Discretization-independent surrogate modeling over complex geometries using hypernetworks and implicit representations
This addresses the computational bottleneck in engineering applications like design optimization and inverse problems, offering a novel approach for realistic scenarios with variable geometry, though it is incremental in combining existing techniques like hypernetworks and implicit representations.
The paper tackled the problem of expensive numerical simulations for PDEs by proposing deep-learning surrogate models that provide discretization-independent, continuous representations of solutions over complex geometries, achieving predictions orders of magnitude faster than full-order models, with the best method showing competitive performance despite high parameter counts.

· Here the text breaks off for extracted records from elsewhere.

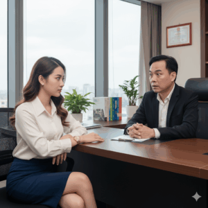 Phòng họp tầng 68 của Tập đoàn Hằng Phong sáng loáng như một cung điện thời hiện đại: bàn gỗ mun dài, đèn…
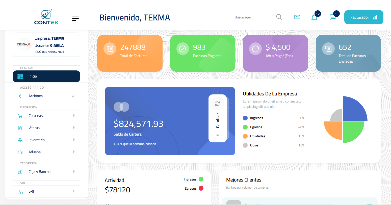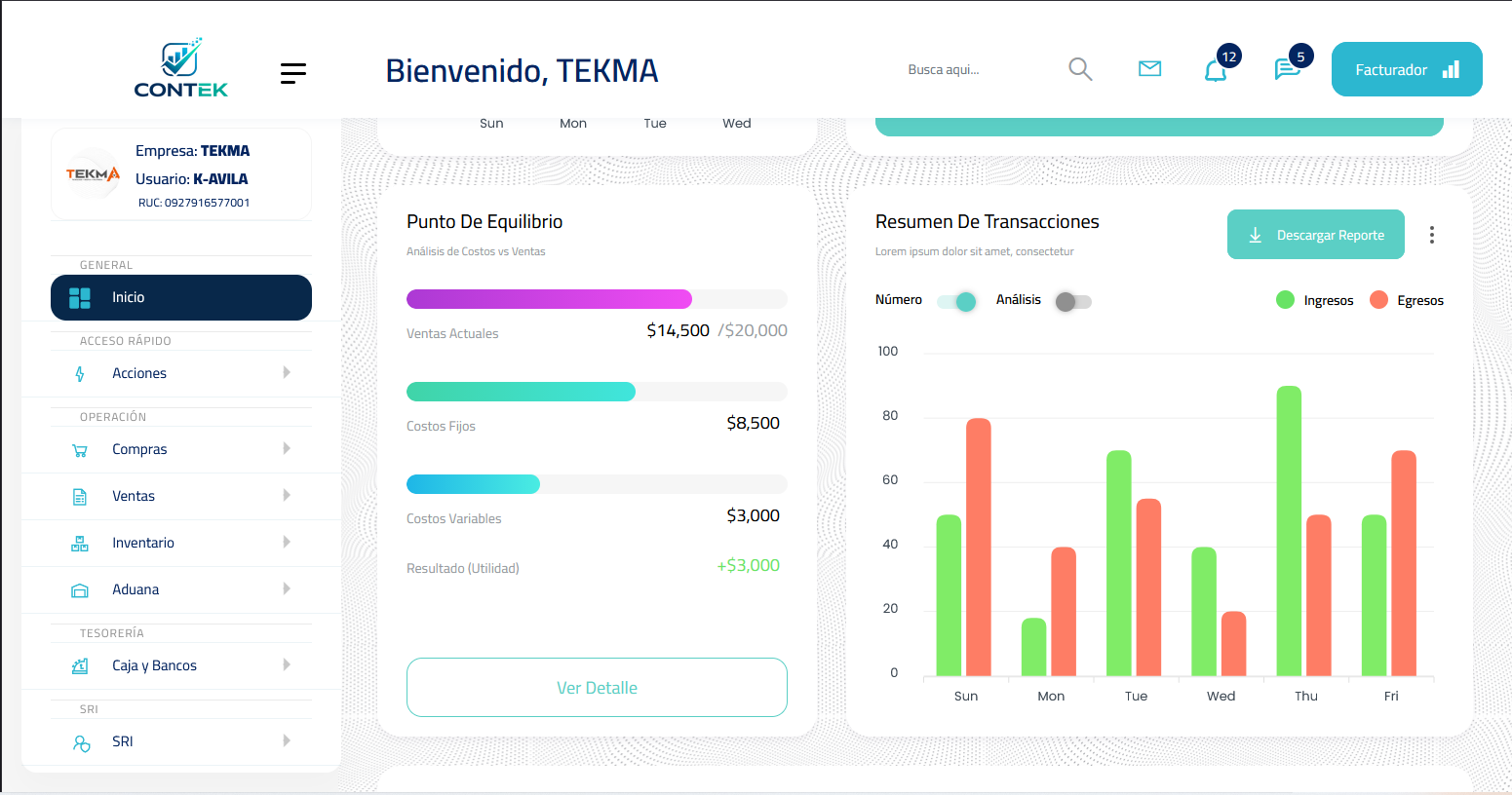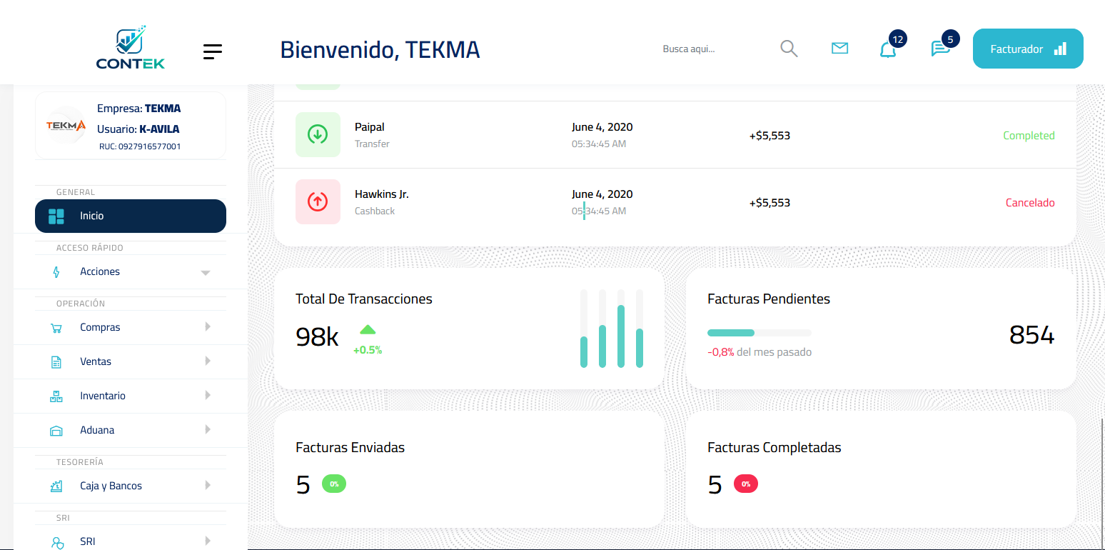 CONTEK es la solución definitiva para centralizar las ventas, compras, inventario, tesorería, nómina y cumplimiento tributario (SRI). Diseñado por TEKMA para ofrecer una plataforma web moderna, eficiente y fácil de usar.
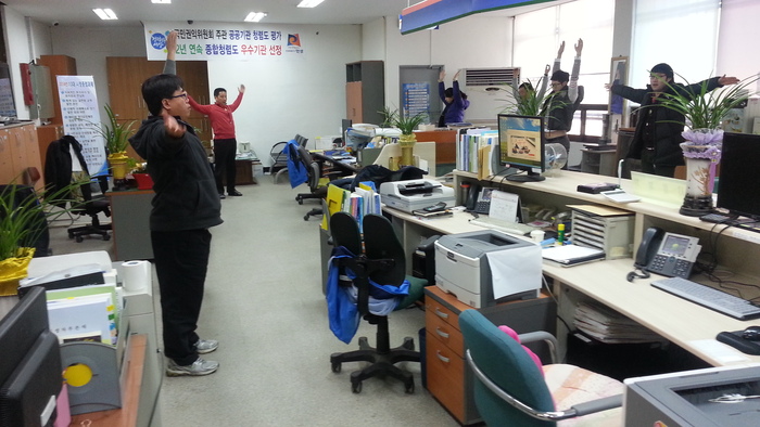 매일 아침 8시 50분에 직원들이 모여서 5분간 건강체조를 한 후 1분 스피치, 공지사항 전달, 청렴구호(청렴․친절․소통은 일죽이 최고야!)를 외치고 하루를 시작한다.
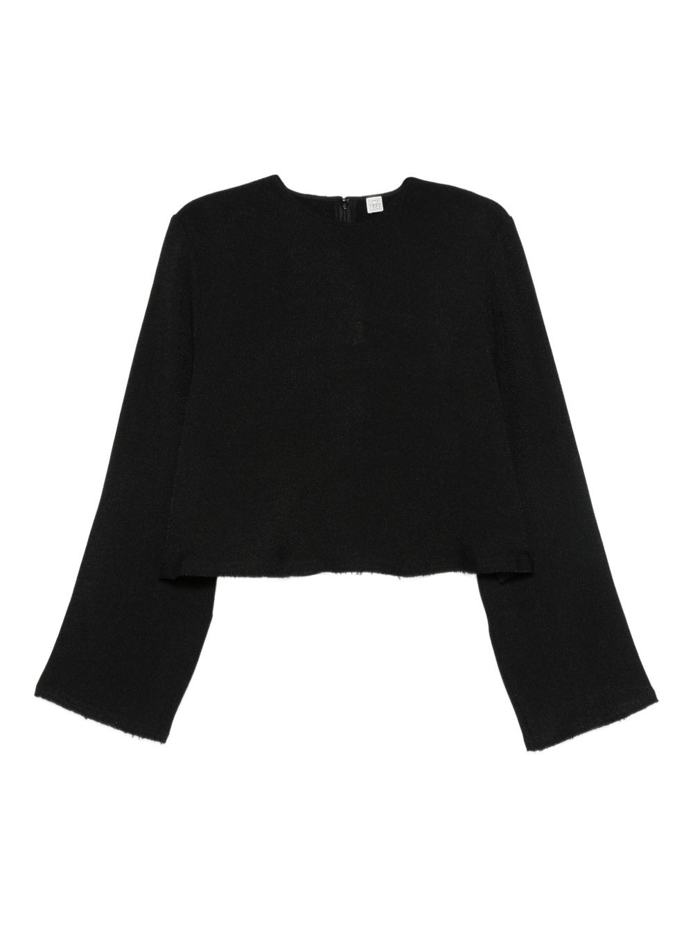 raw-hem blouse Highlights - Black - Round neck - Long sleeves - Raw hem - Cropped Imported Composition Viscose 100% SIZE & FIT Model measurements Height 5 ft 8 in(1.73 m) Bust/Chest 29.92 in(76 cm) Hips 33.07 in(84 cm) Waist 23.22 in(59 cm) Washing instructions Read Manufacturer Guidelines

Numerical solutions of partial differential equations (PDEs) require expensive simulations, limiting their application in design optimization, model-based control, and large-scale inverse problems. Surrogate modeling techniques seek to decrease the computational expense while retaining dominant solution features and behavior. Traditional Convolutional Neural Network-based frameworks for surrogate modeling require lossy pixelization and data-preprocessing, and generally are not effective in realistic engineering applications. We propose alternative deep-learning based surrogate models for discretization-independent, continuous representations of PDE solutions, which can be used for learning and prediction over domains with complex, variable geometry and mesh topology. Three methods are proposed and compared; design-variable-coded multi-layer perceptron (DV-MLP), design-variable hypernetworks (DV-Hnet), and non-linear independent dual system (NIDS). Each method utilizes a main network which consumes pointwise spatial information to provide a continuous representation, allowing predictions at any location in the domain. Input features include a minimum-distance function evaluation to implicitly encode the problem geometry. The geometric design variables, which define and distinguish problem instances, are used differently by each method, appearing as additional main-network input features (DV-MLP), or as hypernetwork inputs (DV-Hnet and NIDS). The methods are applied to predict solutions around complex, parametrically-defined geometries on non-parametrically-defined meshes with model predictions obtained many orders of magnitude faster than the full order models. Test cases include a vehicle-aerodynamics problem with complex geometry and limited training data, with a design-variable hypernetwork performing best, with a competitive time-to-best-model despite a much greater parameter count.